When Zhu Xin, all of 22 years old, introduced his film as "a maze" and "very different from other features you have seen at the festival", the audience laughed indulgently. "It's different", after all, is the mantra of every filmmaker, mainstream or art-house. But Vanishing Days, a Mandarin dream-drama set in the southern Chinese city of Hangzhou, does set itself apart. 14-year-old Li Senlin (Jiang Li) needs to come up with an essay topic for a school assignment. She gets inspired by a visiting aunt (Huang Jin), who narrates strange tales that hover in the space between sleep and wakefulness. (The festival notes describe the film as "a Chinese midsummer night's dream".) I can't say I loved it unconditionally, but the director does succeed in locating magical places amidst the mundaneness of a girl's existence dotted with roller skates, baby turtles and bright red flags.

***

Die Kinder der Toten, set in Austria and directed by Kelly Copper and Pavol Liska, is based on Nobel Prize-winning author Elfriede Jelinek's novel, The Children of the Dead. The critic and poet Michael Hulse, who translated two of Jelinek's novels, said: "There's a dense wordplay or deft pun or neologism in every sentence." How, then, to capture this spirit on screen, especially in an absurdist narrative that involves starving Syrian poets, a dead Nazi's widow who opens a movie house, and possibly the first ever striptease by a fleshy, middle-aged female zombie?
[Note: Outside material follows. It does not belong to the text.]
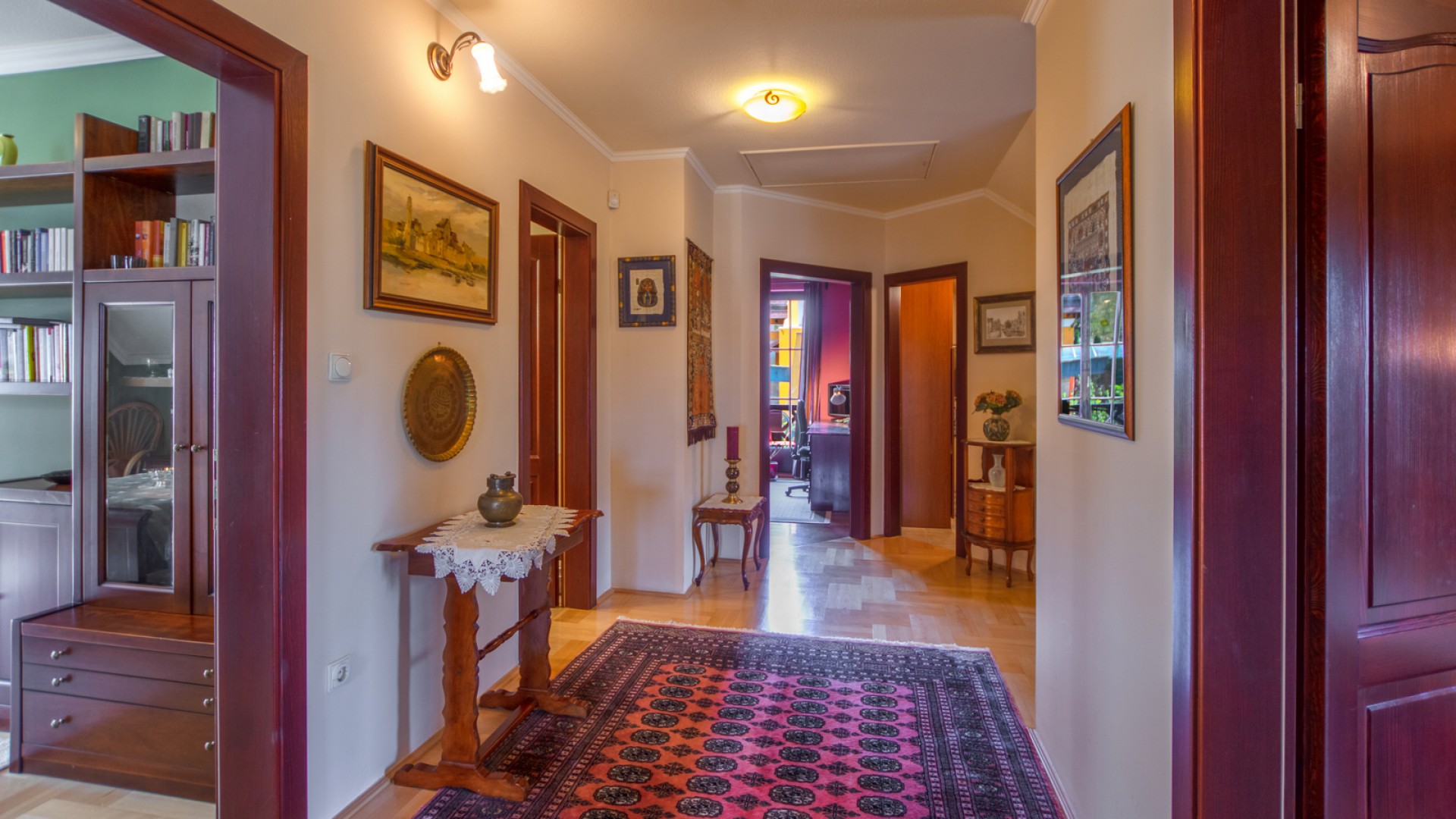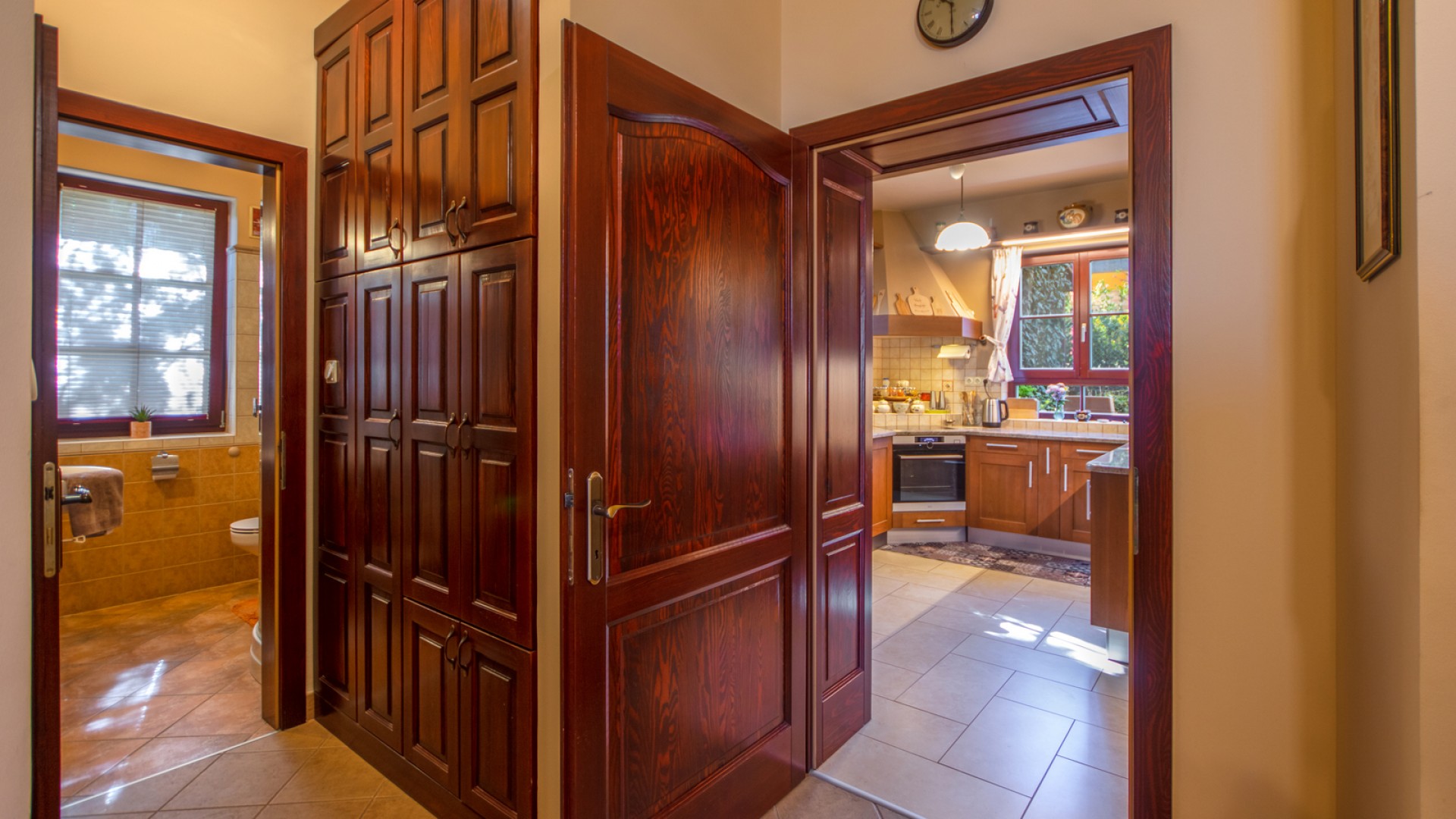 A szobákban beépített házitelefon, computeres LAN és TV kábel (UPC) hálózat, melyet a pincei elosztó központból lehet vezérelni. Az egész ház WIFI lefedettsége 3 db routerrel biztosított.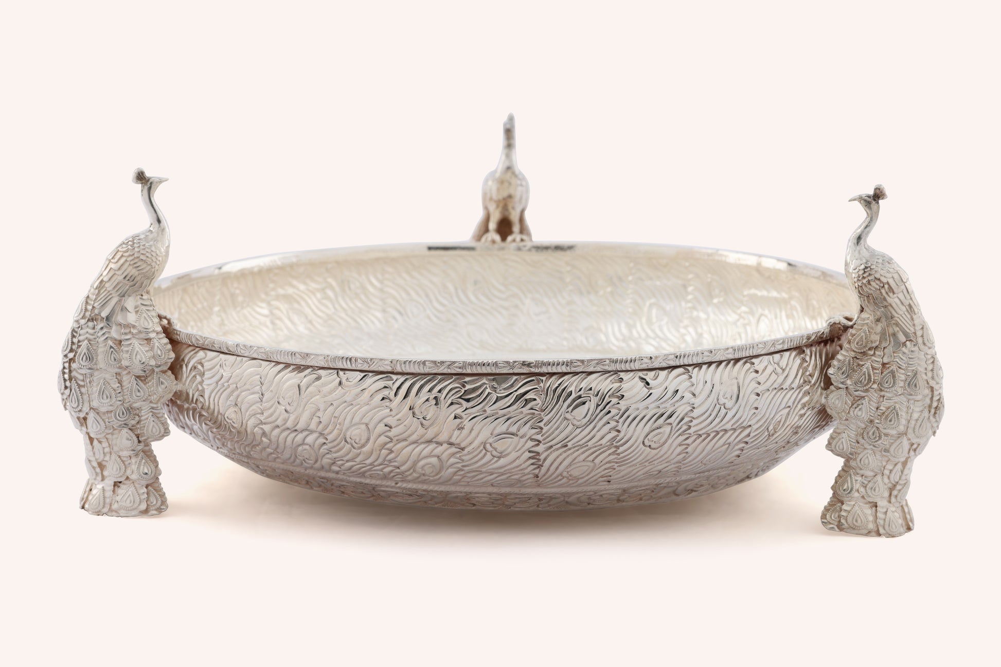 This exquisite urli is adorned with three sculpted peacocks, symbolising prosperity and grandeur. The bowl itself is hand-engraved with feather-like textures, echoing the bird’s natural elegance. A rare fusion of artistry and symbolism, the Peacock Silver Urli turns any space into a celebration of beauty and abundance.

The directors do something ingenious. They abandon all sense of language. This is a silent film. We get background noise (say, the clatter of cutlery in a restaurant). We get background music. But communication is distilled to the barest of intertitles. ("God, I hate this place.")

This is my last day at the Berlinale, and I just heard that this film won the FIPRESCI Award in the Forum section. The jury said, "The actors are amateurs, as well as the directing, the makeup looks cheap, the directors didn't even read the novel they were adapting. Everything could have gone wrong with this film, but it did not fail." On the contrary, Die Kinder der Toten succeeds gloriously. It's one of the most unique, inventive films I've seen. In the story, the dead come back to haunt the living. This turns out to include dead Nazis, dead Jews, even a now-"dead" film format. (It was shot in Super 8 film, which was once the staple of home videos.) The jury continued, "The result is hilarious, edgy, at times confusing, funny and something not everyone will agree on. But this is cinema: We need to disagree!" And that's a great note on which to end these Berlinale notes. Until the next festival, then. Danke, auf Wiedersehen.